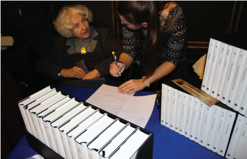
13. Premierowa sprzedaż Dzieł zebranych
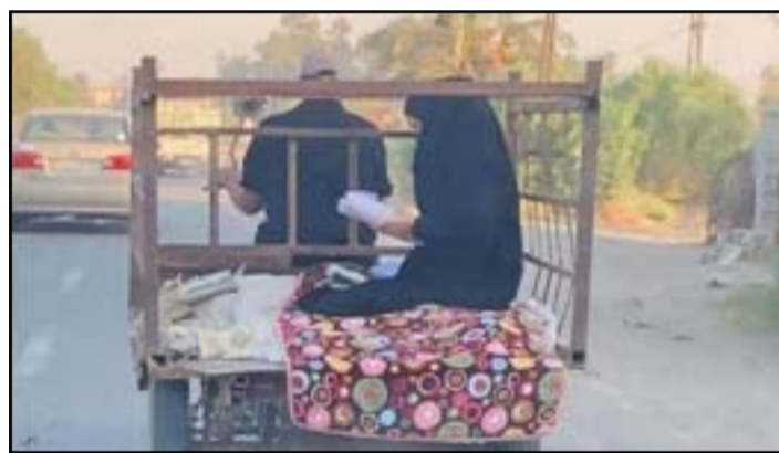
التقط الصورة لي لوالدي، عندما كنت ذاهبة لتقديم الامتحان، كون العربية مكشوفة تماماً لكافة السيارات المارة بسبب احوال عائلتها المالية انقطعت من حولنا، وفجأة انتشرت صورتي في كامل العراق، وازدادت سارة انها بسبب احوال عائلتها المالية انقطعت

والباحث منتقد داغر عبر حسابه على تويتر "هذه الطالبة التي انتشرت صورتها، وهي متجهة لامتحان البكالوريا (الثانوية العامة) ببغداد على ستوة والدها، تعبير حقيقي عن إصرار إلى مدرسة مبنية من الطين".

#####

> TASK DESCRIPTION
An exact reproduction of the data is required, with pictures excluded.

> EXERCISE SOLUTION
13. Premierowa sprzedaż Dzieł zebranych
التقط الصورة لي لوالدي، عندما كنت ذاهبة لتقديم الامتحان، كون العربية مكشوفة تماماً لكافة السيارات المارة بسبب احوال عائلتها المالية انقطعت من حولنا، وفجأة انتشرت صورتي في كامل العراق، وازدادت سارة انها بسبب احوال عائلتها المالية انقطعت

والباحث منتقد داغر عبر حسابه على تويتر "هذه الطالبة التي انتشرت صورتها، وهي متجهة لامتحان البكالوريا (الثانوية العامة) ببغداد على ستوة والدها، تعبير حقيقي عن إصرار إلى مدرسة مبنية من الطين".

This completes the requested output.